COLUMN: The season no one imagined | WVU Mountaineers

MORGANTOWN – It wasn’t how Taz Sherman imagined it.

There he is, the newest member of the 1,000-point club from West Virginia, sitting there for a post-game interview. No one, however, was there to hand him the match ball. His family, who had come to watch him play TCU and take the leap, didn’t shake his hand, patting his back.

Instead of a wonderful, happy moment where he could recount the highlights of his career, the joy of that 17th point of a game in which he would score 23 as he passed through the basket behind the 3-point line to cap a streak of him scoring 10 straight points to bring WVU within a point at halftime, he felt like he was in a dentist’s chair having his teeth pulled.

“I’m just tired of losing. It’s really hard to do. I just don’t like losing,” Sherman said. “I don’t think anyone in our team has had such a losing streak except for one person. I’ve never lost like that personally and it’s tough.

Ultimately, if you’re the right kind of competitor, you’re playing the game to win. The roar of the crowd is nice, the personal accolades indicate that the hard work you’ve put in over the years has paid off, but we’re social creatures and the teams are like families.

You win together and you lose together, and each loss hurts more than the last. The real problem comes when you become numb, accept it.

The great ones never reach this stage.

“You don’t want to win just for yourself,” Sherman said, obviously having trouble with the whole scene. “You want to win for the team, for the technical staff. You want to win for everyone who supports you, for your family. You have people who are constantly watching you in every game hoping that you will do better… and we let’s not.
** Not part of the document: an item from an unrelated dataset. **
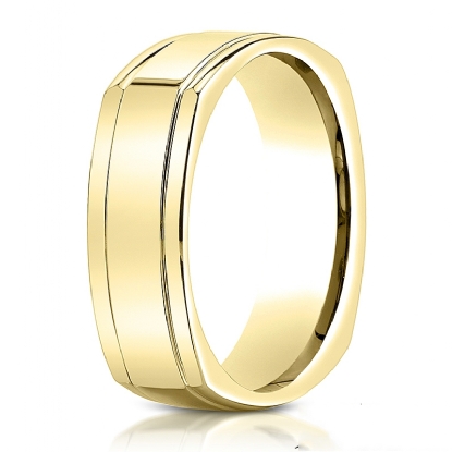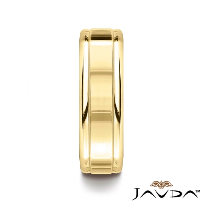 This charming comfort fit four sided handsome wedding band features a high polished finished with rounded edges. Modern squared style carved design men's wedding band is comfortable to wear everyday and quality craftsmanship makes long lasting. This 7mm width band is made from 14k Gold Yellow. Available in white gold, yellow gold and rose gold.

“I would like to say that we have to overcome the difficulty, but losing 11 out of 12 games is not a difficulty,” he continued. “There is something wrong and we have to figure it out now. It’s never too little, too late. We still have games left and the Big 12 tournament remains.

Funnily enough, despite his offensive explosion and the milestone reached, his mood couldn’t be better than that of his backcourt partner, Sean McNeil, who went through the game without making a basket…just another of the many reasons they didn’t. couldn’t beat TCU.

“He hasn’t been shooting well in practice lately,” coach Bob Huggins said. “You go through these spells where you don’t shoot very well. I think a lot of things went through his head. We try not to talk to him too much about it.

It had been over two years since McNeil had been shut out in a game.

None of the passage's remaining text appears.